Seems relevant here.

Bill Miller 3Q 2021 Market Letter

When I am asked what I worry about in the market, the answer usually is “nothing”, because everyone else in the market seems to spend an inordinate amount of time worrying, and so all of the relevant worries seem to be covered. My worries won’t have any impact except to detract from something much more useful, which is trying to make good long-term investment decisions.
 
Waiting on the CCP and others like OPEC to drop the dollar as reserve currency. America will be down for the count. Unbelievable hubris.."I sittith as a Queen"

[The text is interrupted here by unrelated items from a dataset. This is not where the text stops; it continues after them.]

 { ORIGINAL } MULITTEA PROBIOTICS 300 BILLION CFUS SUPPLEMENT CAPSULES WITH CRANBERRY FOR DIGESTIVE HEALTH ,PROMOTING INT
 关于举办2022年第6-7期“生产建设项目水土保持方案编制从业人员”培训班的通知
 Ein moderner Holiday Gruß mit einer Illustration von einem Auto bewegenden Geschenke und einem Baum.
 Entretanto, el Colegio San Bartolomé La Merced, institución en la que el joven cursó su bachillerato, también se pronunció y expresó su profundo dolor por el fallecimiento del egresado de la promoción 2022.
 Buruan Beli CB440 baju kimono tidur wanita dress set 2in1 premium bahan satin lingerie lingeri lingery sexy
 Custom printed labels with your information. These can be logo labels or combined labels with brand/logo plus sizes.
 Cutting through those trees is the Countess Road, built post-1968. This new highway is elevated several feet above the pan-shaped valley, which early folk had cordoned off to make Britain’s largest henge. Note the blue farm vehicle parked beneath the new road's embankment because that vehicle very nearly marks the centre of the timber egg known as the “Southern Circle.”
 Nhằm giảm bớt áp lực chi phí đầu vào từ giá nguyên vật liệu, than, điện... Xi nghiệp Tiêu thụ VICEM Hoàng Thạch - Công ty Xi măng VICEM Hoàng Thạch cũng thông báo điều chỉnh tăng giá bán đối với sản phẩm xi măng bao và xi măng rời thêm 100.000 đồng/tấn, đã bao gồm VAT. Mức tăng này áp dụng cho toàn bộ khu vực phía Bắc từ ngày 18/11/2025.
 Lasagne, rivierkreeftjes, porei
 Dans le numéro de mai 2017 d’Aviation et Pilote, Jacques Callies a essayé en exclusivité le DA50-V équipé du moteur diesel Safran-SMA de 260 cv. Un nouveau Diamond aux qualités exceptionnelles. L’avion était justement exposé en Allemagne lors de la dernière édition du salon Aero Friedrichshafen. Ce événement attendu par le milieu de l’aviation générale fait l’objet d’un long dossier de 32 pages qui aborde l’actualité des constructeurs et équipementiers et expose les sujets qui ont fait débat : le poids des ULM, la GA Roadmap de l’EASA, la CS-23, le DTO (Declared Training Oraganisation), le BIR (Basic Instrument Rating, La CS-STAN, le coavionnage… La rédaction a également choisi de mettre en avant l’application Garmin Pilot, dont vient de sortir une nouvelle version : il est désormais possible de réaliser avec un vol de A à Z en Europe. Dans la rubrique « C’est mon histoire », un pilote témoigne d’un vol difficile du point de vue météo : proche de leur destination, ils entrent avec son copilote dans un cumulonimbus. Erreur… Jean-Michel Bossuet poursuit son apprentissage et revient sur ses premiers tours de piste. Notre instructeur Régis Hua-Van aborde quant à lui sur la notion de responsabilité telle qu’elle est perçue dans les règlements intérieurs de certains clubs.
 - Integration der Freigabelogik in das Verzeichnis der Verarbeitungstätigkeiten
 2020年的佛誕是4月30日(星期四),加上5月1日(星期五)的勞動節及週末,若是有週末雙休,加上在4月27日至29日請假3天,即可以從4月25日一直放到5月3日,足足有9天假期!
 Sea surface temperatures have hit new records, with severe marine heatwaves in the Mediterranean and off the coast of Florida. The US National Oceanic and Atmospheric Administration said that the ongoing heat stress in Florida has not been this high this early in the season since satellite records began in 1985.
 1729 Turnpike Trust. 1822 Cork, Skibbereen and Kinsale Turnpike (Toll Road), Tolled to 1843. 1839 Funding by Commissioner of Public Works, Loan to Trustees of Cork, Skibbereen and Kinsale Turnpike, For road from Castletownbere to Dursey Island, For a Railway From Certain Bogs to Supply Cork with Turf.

China would be hurting themselves by ramping up an economic war with the US. They don’t have the internal natural resources to support themselves. They’d starve their population without the agriculture from the Western countries. They benefit from the US military enabling free shipping channels that they depend on being safe. China also gets to exploit US consumers to turbo charge their economy. The US needs strong leadership to stand up against the criminal CCP. Instead we have Hunter’s Dad and hypocrites owned by Big Tech. Strong leadership could also make the US energy independent and OPEC irrelevant.